Researchers at the University of Kentucky Markey Cancer Center have identified an avenue in pre-clinical models to treat non-small cell lung cancers.

Published in Cell Metabolism, the research centers on the function of glycogen accumulation in the nucleus of a cell. Glycogen is known as a carbohydrate energy storage molecule for cells. Its presence was first described in the nucleus in the 1890s, but no functional role had been described for nuclear glycogen – unlike glycogen stored by the liver or muscle tissue, which is used as a form of energy in various parts of the body.

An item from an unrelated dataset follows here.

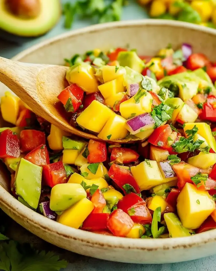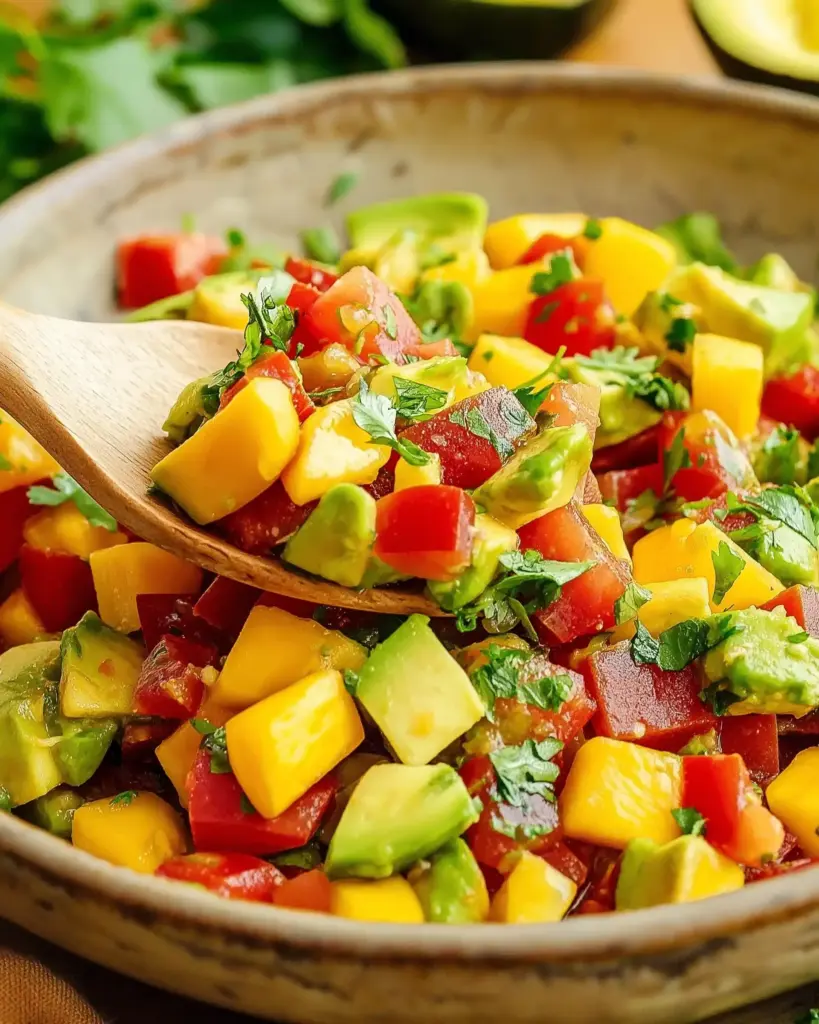 Einführung in Avocado-Erdbeer-Mango-Salsa Wenn die Sonne scheint und die Temperaturen steigen, gibt es nichts Besseres als eine erfrischende Avocado-Erdbeer-Mango-Salsa. Diese fruchtige Salsa ist nicht nur ein Genuss für die Sinne, sondern auch eine schnelle Lösung für geschäftige Tage. Sie lässt sich in nur 15 Minuten zubereiten und bringt Farbe und Geschmack auf jeden Tisch. Egal, ob Sie ein Grillfest planen oder einfach nur einen gesunden Snack möchten, dieses Rezept wird Ihre Lieben beeindrucken. Die Kombination aus cremiger Avocado, süßen Erdbeeren und saftiger Mango ist einfach unwiderstehlich und perfekt für den Sommer! Warum Sie diese Avocado-Erdbeer-Mango-Salsa lieben werden Die Avocado-Erdbeer-Mango-Salsa ist ein wahres Geschmackserlebnis, das einfach und schnell zuzubereiten ist. In nur 15 Minuten haben Sie eine frische, fruchtige Salsa, die Ihre Geschmacksknospen zum Tanzen bringt. Sie ist nicht nur gesund, sondern auch vielseitig einsetzbar – als Dip, Beilage oder sogar als Hauptgericht. Diese Salsa bringt den Sommer auf den Tisch und lässt sich wunderbar anpassen, um jedem Gaumen gerecht zu werden. Ein Genuss, den Sie nicht verpassen sollten! Zutaten für Avocado-Erdbeer-Mango-Salsa Um diese köstliche Avocado-Erdbeer-Mango-Salsa zuzubereiten, benötigen Sie einige frische Zutaten, die leicht zu finden sind. Hier ist eine Übersicht: Avocados: Wählen Sie reife, aber feste Avocados. Sie sollten leicht auf Druck nachgeben, aber nicht matschig sein. Diese bringen die cremige Textur in die Salsa. Erdbeeren: Frische, saftige Erdbeeren sind ein Muss. Achten Sie darauf, dass sie rot und süß sind. Sie können auch gefrorene Erdbeeren verwenden, wenn frische nicht verfügbar sind. Mango: Eine reife Mango sorgt für die süße Note. Wenn Sie keine Mango finden, können Sie auch Pfirsiche oder Nektarinen verwenden. Rote Zwiebel: Diese verleiht der Salsa einen knackigen Biss. Wenn Sie es milder mögen, können Sie auch Frühlingszwiebeln verwenden. Limette: Der Saft bringt Frische und Säure. Achten Sie darauf, frische Limetten zu verwenden, um den besten Geschmack zu erzielen. Koriander: Frischer Koriander gibt der Salsa ein aromatisches Flair. Wenn Sie kein Koriander-Fan sind, können Sie ihn durch Petersilie ersetzen. Salz und Pfeffer: Diese Gewürze runden den Geschmack ab. Verwenden Sie nach Belieben, um die Aromen zu verstärken. Die genauen Mengenangaben finden Sie am Ende des Artikels, wo Sie auch eine druckbare Version des Rezepts erhalten können. So haben Sie alles, was Sie brauchen, um diese erfrischende Salsa zuzubereiten! So machen Sie Avocado-Erdbeer-Mango-Salsa Schritt 1: Zutaten vermengen Beginnen Sie mit der Zubereitung Ihrer Avocado-Erdbeer-Mango-Salsa, indem Sie die gewürfelten Avocados, die frisch geschnittenen Erdbeeren und die saftige Mango in einer großen Schüssel vorsichtig vermengen. Seien Sie sanft, damit die Avocados nicht zerdrückt werden. Diese Kombination ist der Grundstein für Ihre fruchtige Salsa! Schritt 2: Zwiebel und Koriander hinzufügen Jetzt ist es Zeit, die gehackte rote Zwiebel und den frischen Koriander hinzuzufügen. Diese Zutaten bringen nicht nur Farbe, sondern auch einen herrlichen Geschmack in die Salsa. Mischen Sie alles gut, damit sich die Aromen gleichmäßig verteilen. Der Koriander verleiht der Salsa eine aromatische Frische! Schritt 3: Limettensaft hinzufügen Gießen Sie nun den frisch gepressten Limettensaft über die Mischung. Dieser Schritt ist entscheidend, denn der Limettensaft bringt eine spritzige Frische in die Salsa. Rühren Sie alles sanft um, bis die Zutaten gut vermischt sind. Der Duft wird Sie sofort begeistern! Schritt 4: Abschmecken Jetzt kommt der spannende Teil: das Abschmecken! Fügen Sie Salz und Pfeffer nach Geschmack hinzu. Probieren Sie die Salsa und passen Sie die Gewürze an, bis sie perfekt ist. Diese kleinen Anpassungen machen einen großen Unterschied im Geschmack! Schritt 5: Kühlen Um die Aromen wirklich zur Geltung zu bringen, stellen Sie die Salsa für mindestens 30 Minuten in den Kühlschrank. Dies gibt den Zutaten Zeit, sich zu verbinden und die Aromen zu intensivieren. Wenn Sie bereit sind, servieren Sie die Salsa kühl und genießen Sie die fruchtige Frische! Tipps für den Erfolg Wählen Sie reife, aber feste Avocados, um die beste Textur zu erzielen. Schneiden Sie die Früchte gleichmäßig, damit die Salsa ansprechend aussieht und die Aromen gut verteilt sind. Experimentieren Sie mit zusätzlichen Zutaten wie Jalapeños für einen scharfen Kick. Servieren Sie die Salsa frisch, um die Aromen optimal zur Geltung zu bringen. Verwenden Sie frische Limetten für den besten Geschmack – der Unterschied ist spürbar! Benötigte Ausrüstung Schneidebrett: Ein robustes Brett ist ideal zum Schneiden der Früchte. Alternativ können Sie auch ein flexibles Schneidebrett verwenden. Schneidemesser: Ein scharfes Messer erleichtert das Schneiden der Avocados, Erdbeeren und Mango. Ein Ausstecher für die Avocado kann hilfreich sein. Große Schüssel: Eine große Schüssel ist notwendig, um alle Zutaten zu vermengen. Eine Rührschüssel aus Edelstahl ist eine gute Wahl. Esslöffel: Zum Mischen und Abschmecken der Salsa. Ein Holzlöffel ist ideal, um die Zutaten sanft zu vermengen. Variationen Schärfere Variante: Fügen Sie eine gehackte Jalapeño oder eine Prise Cayennepfeffer hinzu, um der Salsa einen würzigen Kick zu verleihen. Fruchtige Vielfalt: Experimentieren Sie mit anderen Früchten wie Ananas oder Kiwi, um neue Geschmackskombinationen zu entdecken. Vegane Option: Diese Salsa ist bereits vegan, aber Sie können sie auch mit einer Prise geräuchertem Paprika verfeinern, um einen rauchigen Geschmack zu erzielen. Proteinreiche Ergänzung: Fügen Sie schwarze Bohnen oder Kichererbsen hinzu, um die Salsa nahrhafter zu machen und eine sättigende Beilage zu kreieren. Frische Kräuter: Neben Koriander können Sie auch frische Minze oder Basilikum verwenden, um der Salsa eine neue aromatis

Scientists from the UK Department of Molecular and Cellular Biochemistry, led by Ramon Sun, PhD, and Matthew S. Gentry, PhD, have discovered that human non-small cell lung cancers accumulate nuclear glycogen during the formation of tumors, providing an opportunity to finally reveal the biological role of nuclear glycogen.

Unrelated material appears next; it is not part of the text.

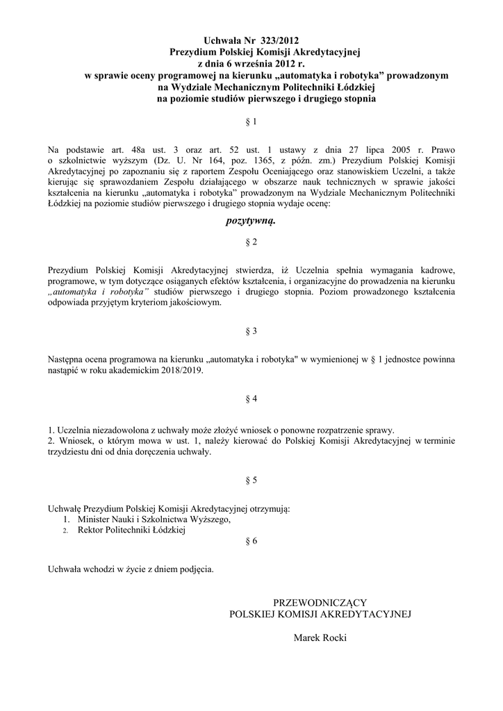 Uchwała Nr 323/2012 Prezydium Polskiej Komisji Akredytacyjnej z dnia 6 września 2012 r. w sprawie oceny programowej na kierunku „automatyka i robotyka” prowadzonym na Wydziale Mechanicznym Politechniki Łódzkiej na poziomie studiów pierwszego i drugiego stopnia §1 Na podstawie art. 48a ust. 3 oraz art. 52 ust. 1 ustawy z dnia 27 lipca 2005 r. Prawo o szkolnictwie wyższym (Dz. U. Nr 164, poz. 1365, z późn. zm.) Prezydium Polskiej Komisji Akredytacyjnej po zapoznaniu się z raportem Zespołu Oceniającego oraz stanowiskiem Uczelni, a także kierując się sprawozdaniem Zespołu działającego w obszarze nauk technicznych w sprawie jakości kształcenia na kierunku „automatyka i robotyka” prowadzonym na Wydziale Mechanicznym Politechniki Łódzkiej na poziomie studiów pierwszego i drugiego stopnia wydaje ocenę: pozytywną. §2 Prezydium Polskiej Komisji Akredytacyjnej stwierdza, iż Uczelnia spełnia wymagania kadrowe, programowe, w tym dotyczące osiąganych efektów kształcenia, i organizacyjne do prowadzenia na kierunku „automatyka i robotyka” studiów pierwszego i drugiego stopnia. Poziom prowadzonego kształcenia odpowiada przyjętym kryteriom jakościowym. §3 Następna ocena programowa na kierunku „automatyka i robotyka" w wymienionej w § 1 jednostce powinna nastąpić w roku akademickim 2018/2019. §4 1. Uczelnia niezadowolona z uchwały może złożyć wniosek o ponowne rozpatrzenie sprawy. 2. Wniosek, o którym mowa w ust. 1, należy kierować do Polskiej Komisji Akredytacyjnej w terminie trzydziestu dni od dnia doręczenia uchwały. §5 Uchwałę Prezydium Polskiej Komisji Akredytacyjnej otrzymują: 1. Minister Nauki i Szkolnictwa Wyższego, 2. Rektor Politechniki Łódzkiej §6 Uchwała wchodzi w życie z dniem podjęcia. PRZEWODNICZĄCY POLSKIEJ KOMISJI AKREDYTACYJNEJ Marek Rocki Tabela nr 2. Ocena spełnienia kryteriów oceny programowej Stopień spełnienia kryterium Kryterium wyróżniająco w pełni znacząco częściowo koncepcja rozwoju kierunku cele i efekty kształcenia oraz system ich weryfikacji + program studiów + + + zasoby kadrowe infrastruktura dydaktyczna prowadzenie badań naukowych system wsparcia studentów w procesie uczenia się wewnętrzny system zapewnienia jakości niedostatecznie + + + + Określone efekty kształcenia na kierunku „automatyka i robotyka” mają pełne szanse ich realizacji. Zapewnia to bardzo rozbudowany i sprawnie działający wewnętrzny system kontroli jakości kształcenia. Wewnętrzny system jakości kształcenia funkcjonuje bardzo dobrze i jest wysoce efektywny. Program studiów jest bardzo dobrze modyfikowany na bieżąco przy współudziale kadry akademickiej, pracodawców i studentów. Treści programowe są dobrze wypełnione aktualnymi problemami naukowymi i technicznymi z zakresu kierunku „automatyka i robotyka” i wiążą się z potrzebami przyszłych pracodawców absolwentów. Zapewniają to między innymi dobre kontakty I bieżące konsultacje z przemysłem. Proces dyplomowania na ogół dobrze weryfikuje końcowe efekty kształcenia. O skuteczności tego świadczy pełna zatrudnialność absolwentów już w semestrze dyplomowym. Zespół Oceniający wysoko ocenia poziom merytoryczny prac dyplomowych, natomiast zaleca, aby promotorzy prowadzący prace dyplomowe przy ocenie prac dyplomowych w większym stopniu zwracali uwagę na konieczność pełniejszego przeglądu czasopism naukowo-technicznych związanych z pracą dyplomową i na staranniejszą stronę edytorska pracy i ponadto, aby w każdej pracy dyplomowej wyraźnie był określony cel pracy, przedstawiony precyzyjny opis rozwiązania problemu, analiza otrzymanych wyników. Należy też zwracać uwagę dyplomantom na stronę językową prac dyplomowych, aby dyplomanci mogli się wykazać opanowaniem techniki pisania prac dyplomowych. W czasie poprzedniej wizytacji Zespołu Oceniającego PKA w ocenie z 2006 roku zarzucono zbyt duży odsiew studentów pierwszego roku. Stosunek liczby studentów na I roku do liczby studentów na II roku wtedy wynosił 59/26. Obecnie odsiew ten jest jeszcze większy i wyraża się stosunkiem 107/33, co jest zjawiskiem nadal niekorzystnym. Cieszy fakt, ze Władze Wydziału bardzo dbają o wysoki poziom kształcenia. Komisja Oceniająca zaleca wprowadzić na każdym pierwszym semestrze dodatkowe stałe kształcenie wyrównawcze z matematyki i fizyki, zapobiegające zbyt dużemu odsiewowi studentów pierwszego roku. Wydział ma dość liczną (55 osób) i mocną, lecz rozdrobnioną na 8 kierunków kształcenia, kadrę samodzielnych nauczycieli akademickich (prof./dr hab.). Ostatnio sytuacja poprawiła się, albowiem po wygaszeniu w marcu br. kształcenia na kierunku „papiernictwo i poligrafia”, średnio na jeden kierunek przypada 55:7=ok. 8 pracowników samodzielnych; do tego czasu było to tylko ok. 7 osób/kierunek, czyli bardzo mało ponad wymagane minimum 6 osób. Ponadto, Wydział bierze udział w kształceniu w Centrum Kształcenia Międzynarodowego PŁ (International Faculty of Enginnering) zasilając prowadzone tam dwa kierunki kształcenia: „mechanical engineering and applied computer science” (studia I stopnia) oraz kierunek „mechatronics” (studia II stopnia). Należy uznać, że zwiększenie liczby samodzielnych pracowników naukowo – dydaktycznych jest dla Wydziału zadaniem pilnym. Na kierunku kształcenia „automatyka i robotyka” jest bardzo mało, tylko 9% ogólnej liczby studentów Wydziału, co może utrudniać racjonalne ekonomicznie prowadzenie zajęć. Aktualnie na II stopniu studiów stacjonarnych nie ma studentów. Wydział dostrzegł ten problem i uzyskał środki unijne z Programu Operacyjnego Kapitał Ludzki (5 803 301 zł) na realizację (styczeń 2012 – czerwiec 2015, wspólnie z Wydziałem Elektrycznym PŁ) projektu pn. „Automatyk – robotyk kluczowy zawód XXI wieku”. Zespół Oceniający bardzo wysoko ocenia możliwości uzyskania zakładanych efektów ks

“Nuclear glycogen was first reported in the 1890s and its role in cellular metabolism and impact on disease has been elusive,” Sun says in a statement. “Glycogen is a storage molecule for fuel reserve, but this study demonstrates other functions of glycogen metabolism including epigenetics. Our team demonstrated that nuclear glycogen metabolism modulates the regulatory components of gene expression that are necessary for cancer progression.”

While nuclear glycogen accumulation has been reported in multiple cancers, this study demonstrates that glycogen is synthesized and broken down in the nucleus, that nuclear breakdown provides the fuel for histone modifications, and that these modifications allow cells to become cancerous. Non-small cell lung cancers suppress nuclear glycogen breakdown by decreasing the amount of a key signaling molecule called malin to drive cancer progression.

“We developed a novel nuclear-specific tracer technology coupled to high-resolution mass spectrometry to trace nuclear glycogen metabolism and discovered that it modulates histone acetylation,” Sun says. “We then identified the key signaling events that regulate this newly described cellular process and demonstrated its importance in pre-clinical lung cancer models.”